Die Srasse, die nach oben führt, ist mehr ein in den Fels gehauener Saumpfad, denn Strasse.  Nach einer Stunde sind wir oben, bezahlen dafür 700.- Escudos – 7.- € ! Das Erlebnis ist nicht bezahlbar. Hier in dem Pueblo werden wir Übernachten, machen unsere Wanderung aber schon heute, es  ist noch früh am Tag. Margrit sagt Wanderung dazu, ich sage ; wir klettern, Punkt.

Vorbei an Zuckerrohrplantagen, Gemüsegärten für die Selbstversorger, ja sogar Kaffee wird hier angebaut. Die Ernte, je nach Jahr 10 bis 20 Tonnen, soll der drittbeste Kaffee auf der Welt sein. Alles Handarbeit und ohne Chemie.

Nicht vergessen natürlich, die grossartige Landschaft. Am nächsten Tag wieder runter, aber wie? Sonntag, kein Mensch arbeitet, die Aluguer auch nicht.

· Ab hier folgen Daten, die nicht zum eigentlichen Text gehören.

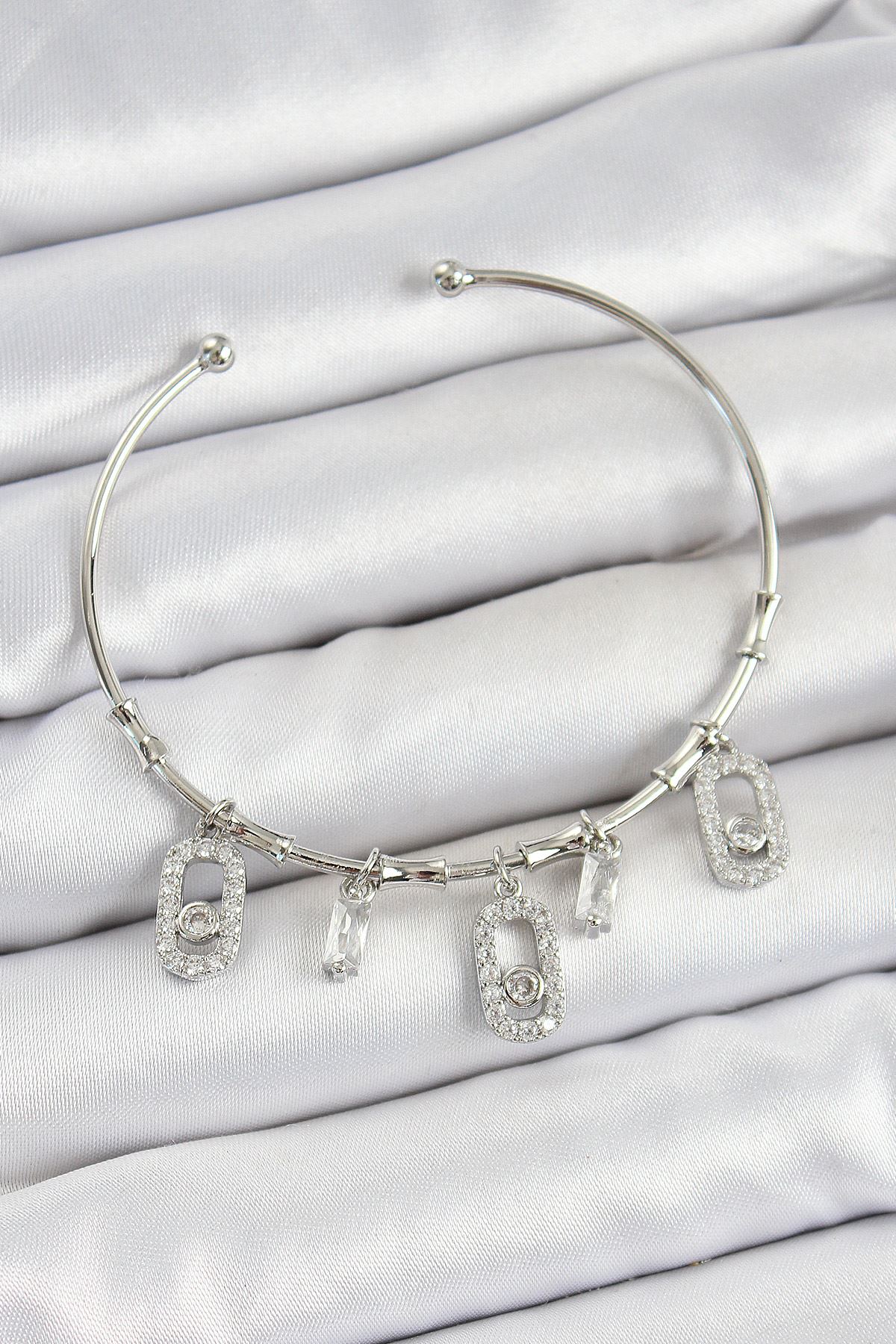 Pirinç Zirkon Taşlı Dikdörtgen Model Gümüş Renk Charm Bileklik - TJ-BB7351

Dann tauchen wie aus dem Nichts noch zwei Holländer mit Kleinkind auf, gerettet. Mit fünf Personen lohnt die Fahrt, alles klar!

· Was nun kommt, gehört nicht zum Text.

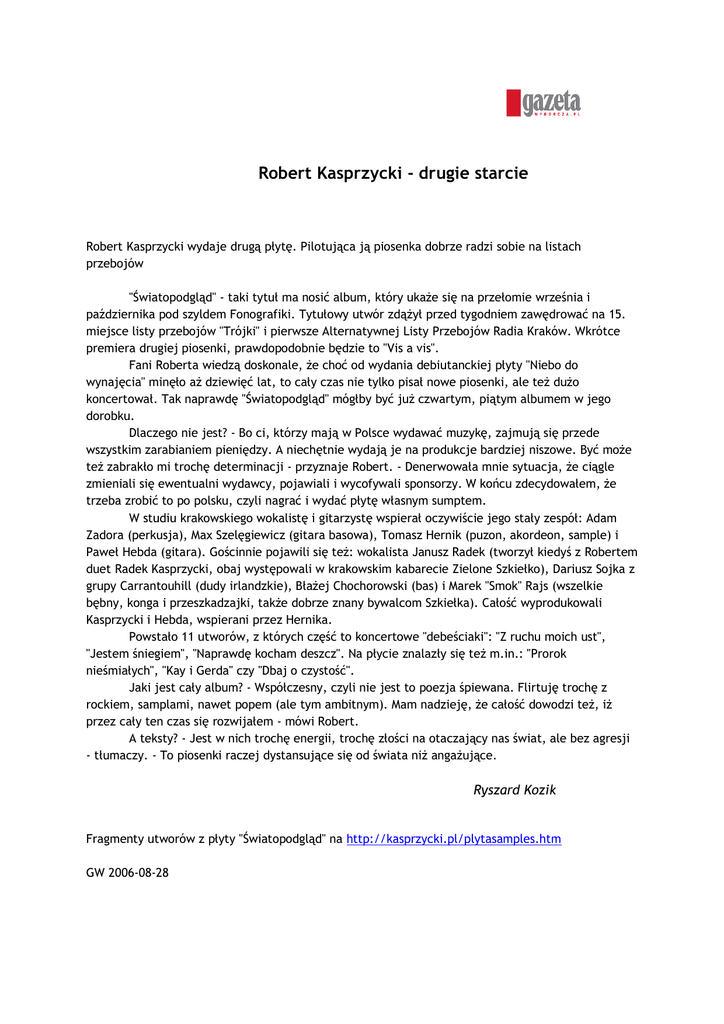 Robert Kasprzycki - drugie starcie Robert Kasprzycki wydaje drugą płytę. Pilotująca ją piosenka dobrze radzi sobie na listach przebojów "Światopodgląd" - taki tytuł ma nosić album, który ukaże się na przełomie września i października pod szyldem Fonografiki. Tytułowy utwór zdążył przed tygodniem zawędrować na 15. miejsce listy przebojów "Trójki" i pierwsze Alternatywnej Listy Przebojów Radia Kraków. Wkrótce premiera drugiej piosenki, prawdopodobnie będzie to "Vis a vis". Fani Roberta wiedzą doskonale, że choć od wydania debiutanckiej płyty "Niebo do wynajęcia" minęło aż dziewięć lat, to cały czas nie tylko pisał nowe piosenki, ale też dużo koncertował. Tak naprawdę "Światopodgląd" mógłby być już czwartym, piątym albumem w jego dorobku. Dlaczego nie jest? - Bo ci, którzy mają w Polsce wydawać muzykę, zajmują się przede wszystkim zarabianiem pieniędzy. A niechętnie wydają je na produkcje bardziej niszowe. Być może też zabrakło mi trochę determinacji - przyznaje Robert. - Denerwowała mnie sytuacja, że ciągle zmieniali się ewentualni wydawcy, pojawiali i wycofywali sponsorzy. W końcu zdecydowałem, że trzeba zrobić to po polsku, czyli nagrać i wydać płytę własnym sumptem. W studiu krakowskiego wokalistę i gitarzystę wspierał oczywiście jego stały zespół: Adam Zadora (perkusja), Max Szelęgiewicz (gitara basowa), Tomasz Hernik (puzon, akordeon, sample) i Paweł Hebda (gitara). Gościnnie pojawili się też: wokalista Janusz Radek (tworzył kiedyś z Robertem duet Radek Kasprzycki, obaj występowali w krakowskim kabarecie Zielone Szkiełko), Dariusz Sojka z grupy Carrantouhill (dudy irlandzkie), Błażej Chochorowski (bas) i Marek "Smok" Rajs (wszelkie bębny, konga i przeszkadzajki, także dobrze znany bywalcom Szkiełka). Całość wyprodukowali Kasprzycki i Hebda, wspierani przez Hernika. Powstało 11 utworów, z których część to koncertowe "debeściaki": "Z ruchu moich ust", "Jestem śniegiem", "Naprawdę kocham deszcz". Na płycie znalazły się też m.in.: "Prorok nieśmiałych", "Kay i Gerda" czy "Dbaj o czystość". Jaki jest cały album? - Współczesny, czyli nie jest to poezja śpiewana. Flirtuję trochę z rockiem, samplami, nawet popem (ale tym ambitnym). Mam nadzieję, że całość dowodzi też, iż przez cały ten czas się rozwijałem - mówi Robert. A teksty? - Jest w nich trochę energii, trochę złości na otaczający nas świat, ale bez agresji - tłumaczy. - To piosenki raczej dystansujące się od świata niż angażujące. Ryszard Kozik Fragmenty utworów z płyty "Światopodgląd" na http://kasprzycki.pl/plytasamples.htm GW 2006-08-28

Eine Nacht bleiben wir in Ponta do Sol an der Küste, dann geht es zurück zur Fähre, natürlich mit dem Aluguer.

Mindelo, Sao Vicente

Mindelo, Sao Vincente, 12. 2 .2017

Haben es also geschafft, die letzten Meilen liegen im Kielwasser. Alle freuen sich, die Lichter in der Ferne zu sehen.
Können aber noch nicht in den Hafen einlaufen. Keine Richtfeuer, keine Bojen und viele unbefeuerte Wracks
sollen im Hafen liegen.
Drehen bei und warten auf den neuen Tag.
Endlich wird es hell und wir können in die grosse Bucht einlaufen.
Nur sehr wenige Ankerlieger sind dort und wir finden schnell einen Platz.
Fallen Anker und 60 mtr. Kette rauschen aus, starker Schwell und oft böige Winde benötigen eine lange Kette.
Erst eimal ausschlafen und heute ist erst noch Sonntag.
Will heissen, die Behörden haben geschlossen. Einklariert wird erst morgen, der Sonntag ist heilig.
In der Policia Maritima und Policia Fronteira werden Visas
erstellt und Pässe gestempelt. Allerdings sehr entspannt, entgegen unseren Befürchtungen.
Mit Sao Vicente muss man sich erst anfreunden, ist Schwarz -Afrika, doch stark portugiesisch geprägt, mein erster Eindruck.
Wir gehen auf Entdeckungstour. Die Strassen rauf und runter, links und und rechts.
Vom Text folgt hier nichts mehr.